The protective enchantment could only self-activate once more before she replenished its power in dream. Fear jolted through Hiresha, scorching her to alertness.
Inannis walked around the slumping figures of the men. He locked the door in the faces of rushing guards, and it began thumping from the outside.
The thief's voice was quiet but fierce. “I'm going to escape, and you're helping, Enchantress.”
“I should think not.” She forced her hands from her throat to her sides. No reason to be intimidated, she told herself. His poisons would only annoy her, and she could retreat to her dream laboratory before most stab wounds killed her.
The priest flapped his arms to try to ward away Inannis.
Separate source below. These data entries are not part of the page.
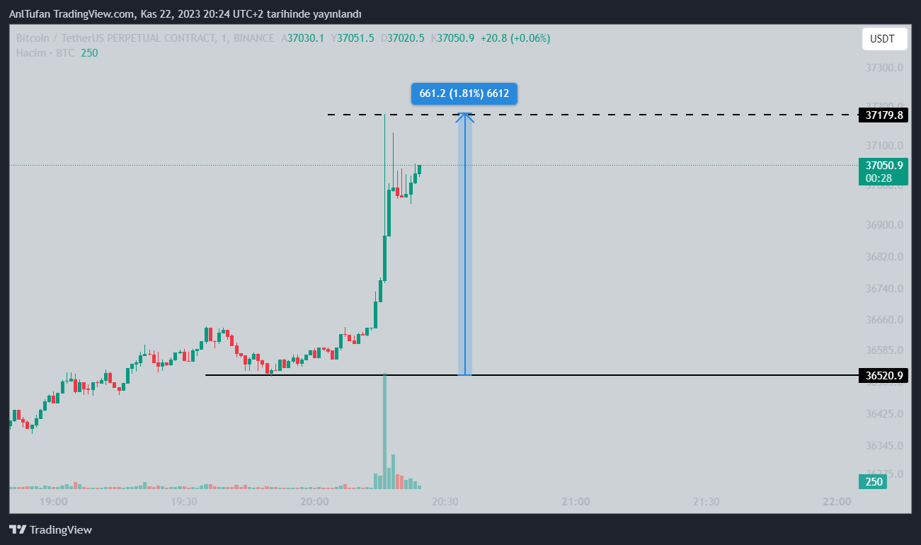 Dakikalar içerisinde %2’ye yakın bir sıçrama gerçekleştiren BTC, spot ETF onayı beklentisi ile birlikte yeniden 37 bin doları aşmayı başardı.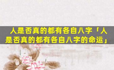 结论:根据科学证据和普遍接受的知识,“人是否真的都有各自八字”这个问题的答案是否定的八字和。其,他。算命形式缺乏科学依据并且不应该被用来预测 🐈 一个人的命 🦄 运或性格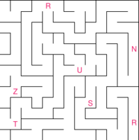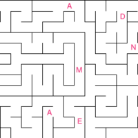 Taking the images and arranging them in a 3x3 grid according to the filenames gives a maze with letters on it:

The thief stuck the priest’s hand with a second dart, and his legs trembled then gave out, landing him next to the fallen guards. Not much blood trickled from them, but they could do no more than crawl and moan.
Inannis doubled over, coughed, and spit a red glob on the priest's blue robes. The thief licked blood from his lips, not looking at Hiresha as he spoke to her. “Your help, my information. A trade.”
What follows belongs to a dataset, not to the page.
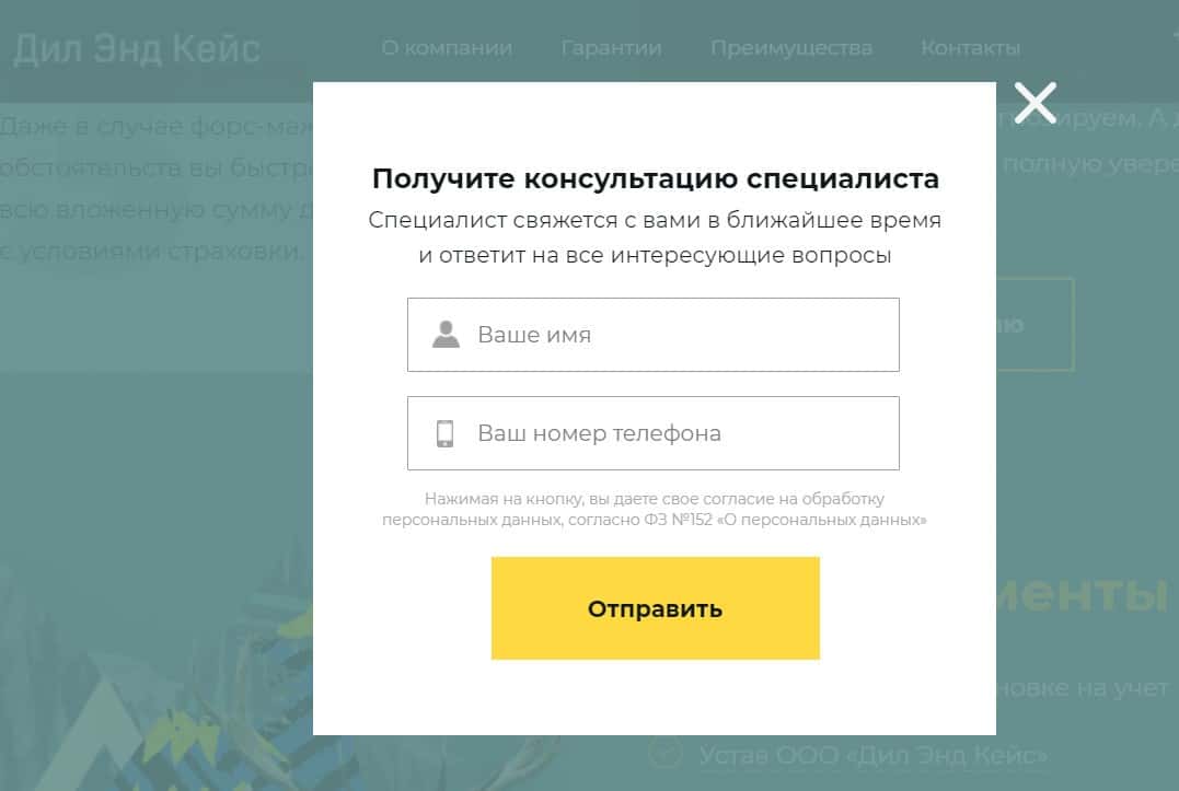 Клиенты компании Дил Энд Кейс имеют возможность заказать обратный звонок, для этого нужно заполнить специальную форму и указать свои личные данные.

She reached to a guard's neck. His pulse thumped, but his breathing was fading. “What poison did you use?”
“I'll give you the antidote.” He walked to the pedestal with the unmoving fennec. “And you'll want to know you were betrayed.”
Hiresha could enchant her own antidotes, and she had scant reason to trust him. “Betrayed?”
“After your flight from the inn, I was sent to tell the vizier. He already knew.” He dabbed the ear of the fox with an unguent. “And he knew where to find you.”
The news pricked Hiresha in a tender spot. She wondered if a Soultrapper had warned the vizier of her escape. Or Lord Tethiel. Stooping, she blew into the guard's mouth, forcing air in and out of his paralyzed chest.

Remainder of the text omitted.